The fastest algorithm is by far the one based on the *Bernstein polynomial form*, which is reasonable since it offers the change to inline during the “compiling” (via closures) and pre-compute and reuse computations as much as possible. Interesting enough the native framework implementation is among the slower ones; this is due to the fact that each Bézier curve evaluation requires both a meta-table and FFI access that are quite costly (despite exploiting *LuaJIT*). It’s far better to remain in Lua’s script domain rather than transitioning to native code. The *Horner’s method* algorithms, on the contrary, aren’t so slow but the pay their general form due to the repeated table `unpack`

calls.

By increasing the order of the curve we expect the performance to reduce. In fact, the impact on the *Bernstein* is the following:

Order | Speed |
---|---|

2 | 100,00% |

3 | 144,21% |

4 | 188,28% |

In terms of **precision** we checked the result being equal up to the 6th decimal point (10^-6) when compared with the framework (slower) implementation. As a side-note, the *Horner’s method* algorithms a pretty imprecise and are impractical for common usages.

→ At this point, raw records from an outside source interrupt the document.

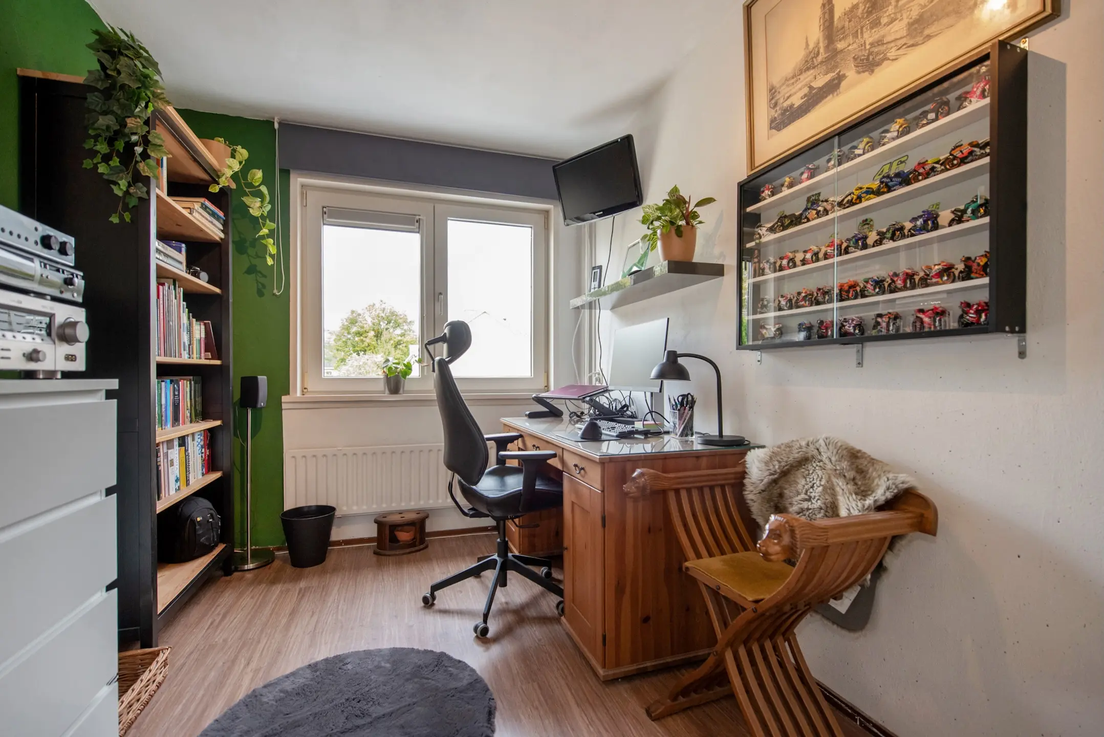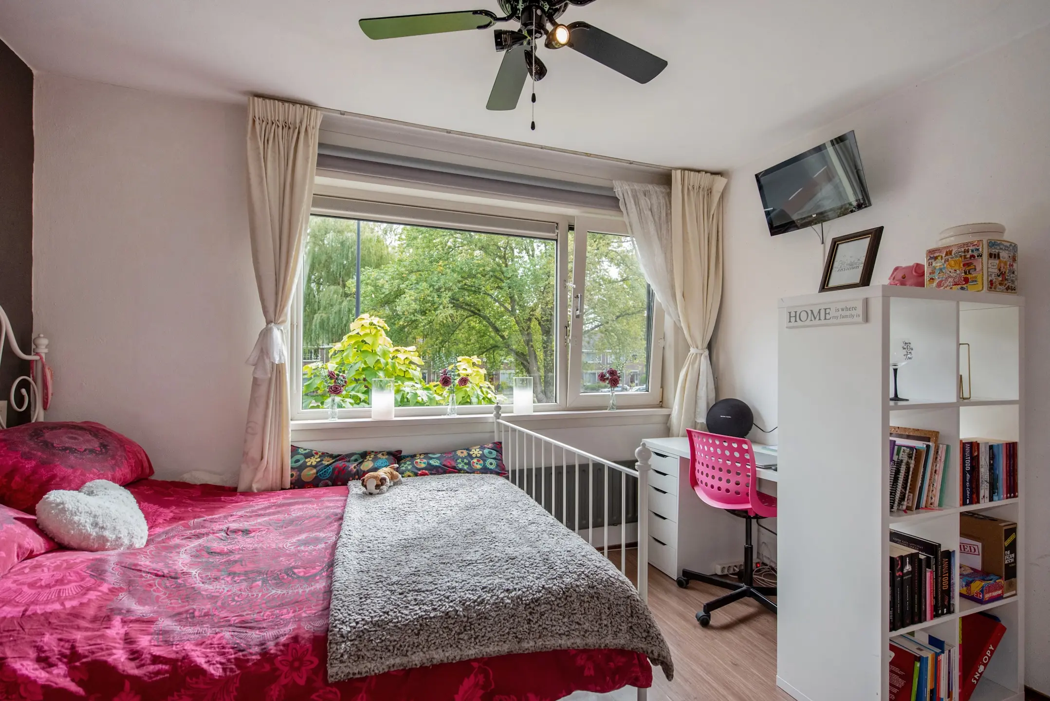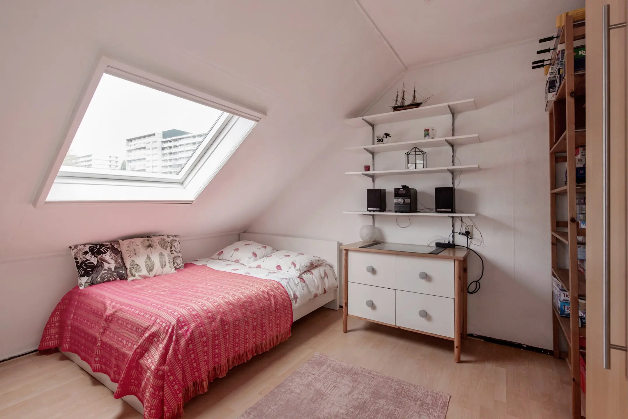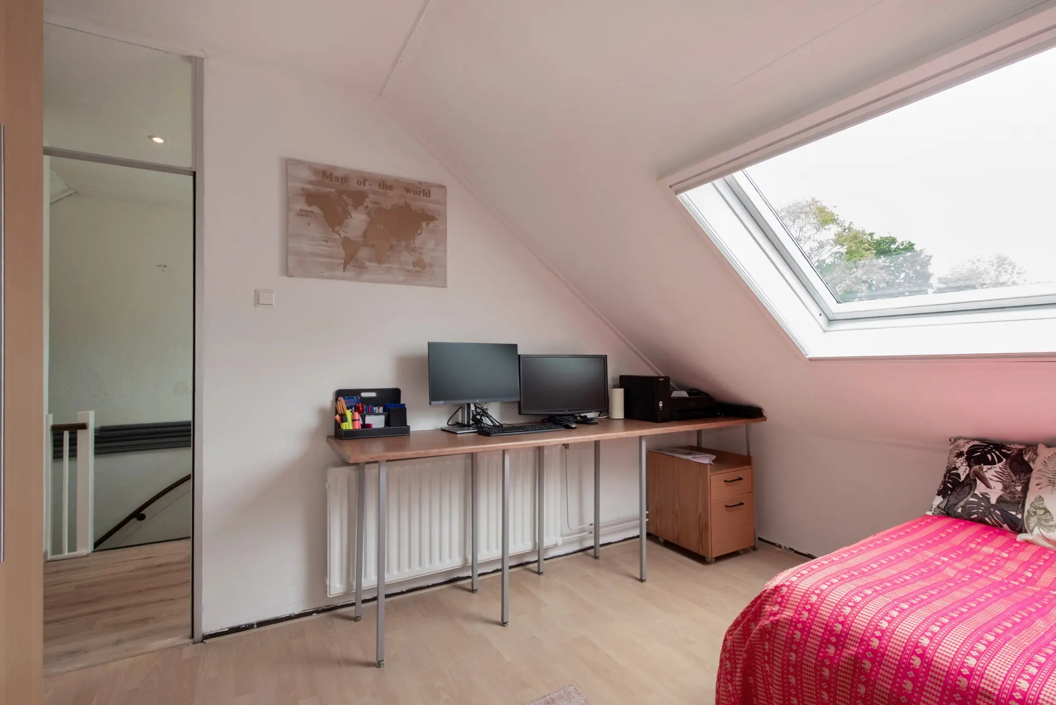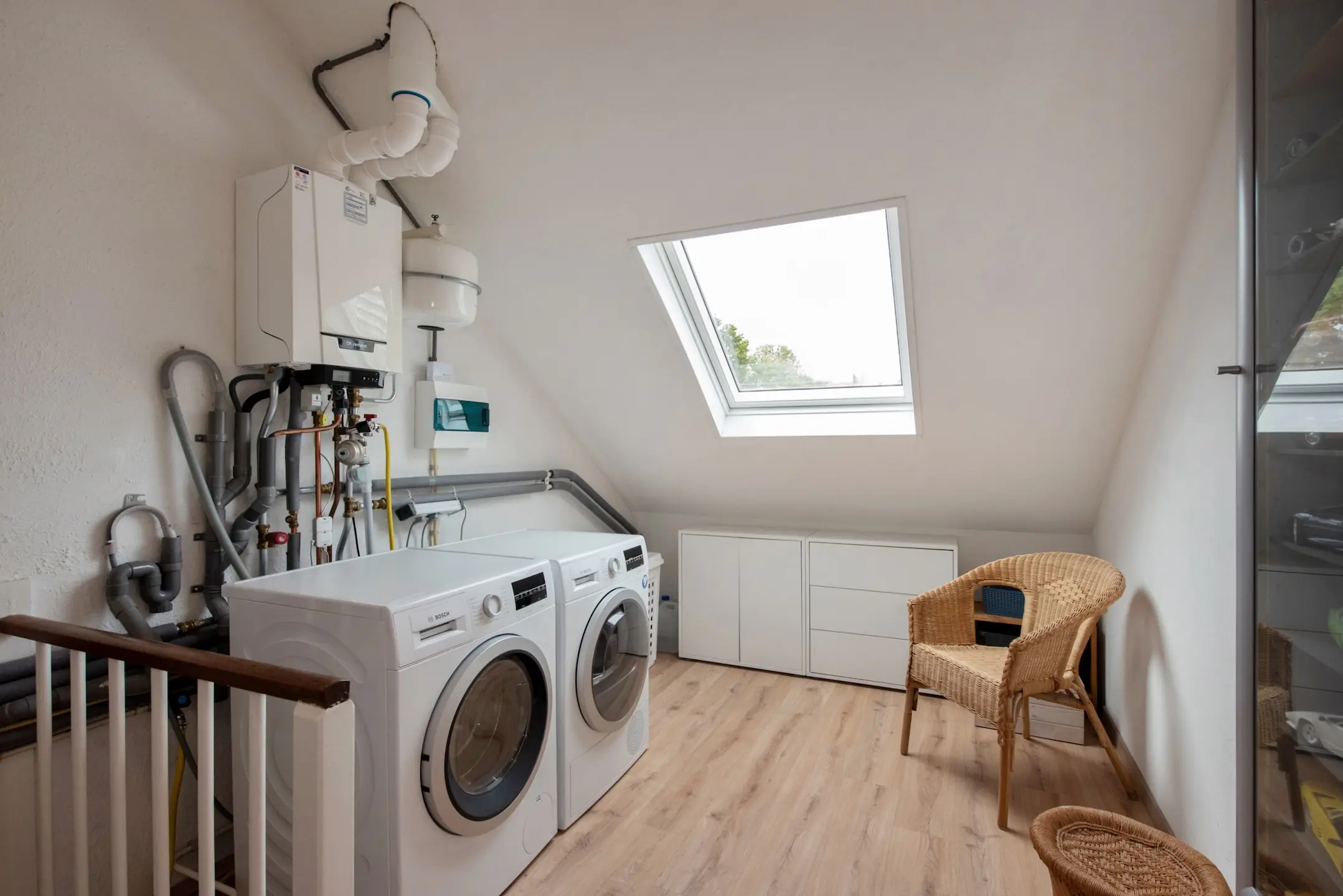 Tweede verdieping: royale multifunctionele ruimte met een vernieuwd kantelraam, opstelplaats van de wasmachine, wasdroger, cv-combi ketel (Remeha 2019) en de omvormer van de zonnepanelen. Ruime slaapkamer eveneens voorzien van een dakraam alsmede een separate bergkamer.
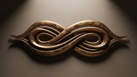 A metallic bronze infinity symbol with smoothly intertwined curves, dramatically lit against a textured, shadowed background.
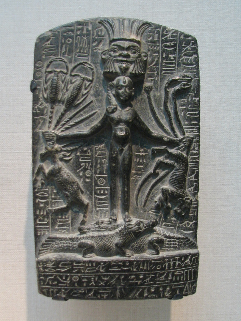 (From Museum website): "The central figure on this stele is the child form of the god Horus. He stands on the heads of two crocodiles, which cross each other beneath his feet and face out to the sides. In his left hand he clutches two serpents and a lion by the tail; in his right, two scorpions by the stingers and an oryx by the horns. Every flat surface on the stele is covered with magical hieroglyphic texts consisting of spells which protect against snakes, scorpions, and the other evil forces the god subdues. "This type of object was often set up in private households, but examples have also been found in tombs, suggesting that their protective powers could also be extended to the deceased." |
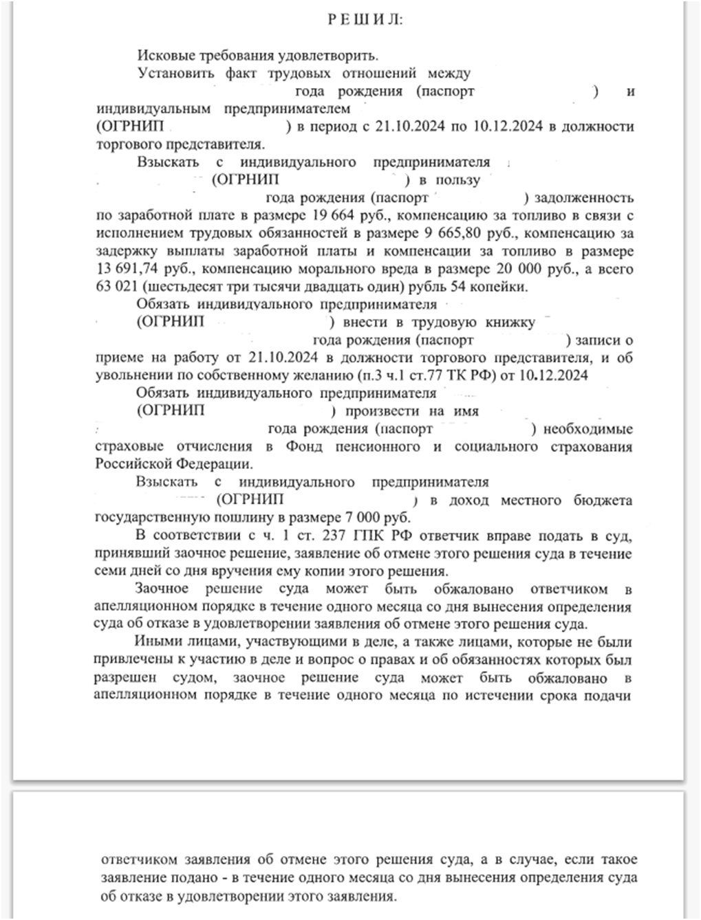 Дело о защите трудовых прав работника
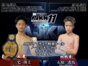 森岡はAKC2024全国大会王者も経験しAJKNアマチュア3階級王者で、4階級制覇を目指す。
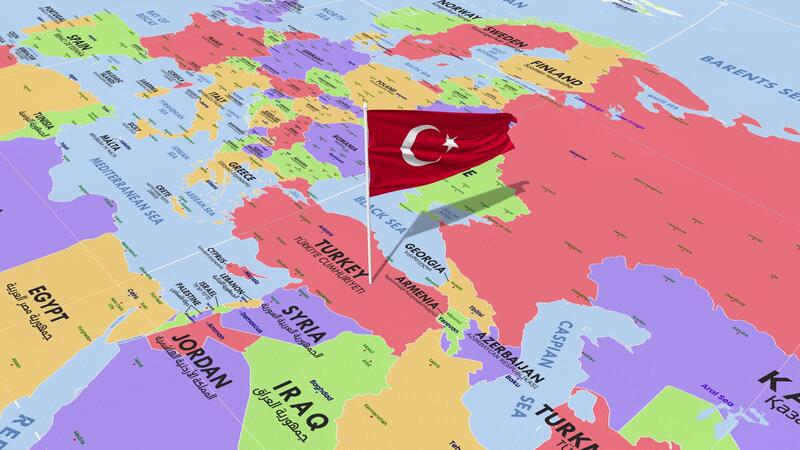 Turkey Flag Waving in Wind, World Map Rotating around Flag, Seamless Loop, 3D Rendering Free Video
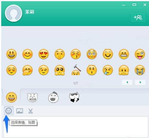 4.在和朋友聊天窗口,和其他聊天软件一样,可以点击表情符号给朋友发送表情符号。
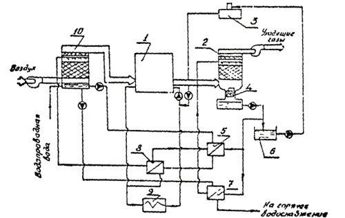 где Vг - расход газа, м3/ч; tв′ и tв″ - соответственно начальная и конечная температуры воды, ºС; Св - теплоемкость воды, кДж/кг · ºС; ηос - коэффициент потерь теплоты в окружающую среду утилизационной установкой. Количество воздуха, нагреваемого в утилизационной установке,

## Reworking the Equations

Considering that the linear interpolation between `a`

and `b`

can either be written as `(t - 1) * b + t * a`

or `a + (b - a) * t`

we can be temped to rework the evaluator as follows (for example, for a 4th order curve)

```
function bezier_4th(control_points, t)
local p0, p1, p2, p3 = unpack(control_points)
local p0x, p0y = unpack(p0)
local p1x, p1y = unpack(p1)
local p2x, p2y = unpack(p2)
local p3x, p3y = unpack(p3)
local tt = t * t
local ttt = tt * t
local cx = 3 * (p1x - p0x)
local bx = 3 * (p2x - p1x) - cx
local ax = p3x - p0x - cx - bx
local cy = 3 * (p1y - p0y)
local by = 3 * (p2y - p1y) - cy
local ay = p3y - p0y - cy - by
local x = ax * ttt + bx * tt + cx * t + p0x
local x = ay * ttt + by * tt + cy * t + p0y
return x, y
end
```

However, while this is perfectly legit on the paper, numerically on a computer the results may diverge. Of course this new, reworked, algorithm uses less **multiplications**, but the number of **additions** and **subtractions** increases. On modern computers the cost of arithmetic operations is pretty much constant across operations. This wasn’t the case on older CPUs during the ’80s and ’90s, where saving a **mul** or a **div** could make the difference especially on non FPU equipped computers. Most notably, this algorithm doesn’t ensure proper results for `t = 1`

. That being said, it’s definitely not worth the effort.

## Applications

Other than path-management, as in my case, Bézier curves can be used in a lot of interesting cases. I unconsciously avoided them for far too long, it’s about time to get back on track.

One very interesting use of them is described here where, with a clever use of fragment shaders, a flowing lava river is simulated. Guess that these curves can be very useful for dynamically-modified water rivers, too.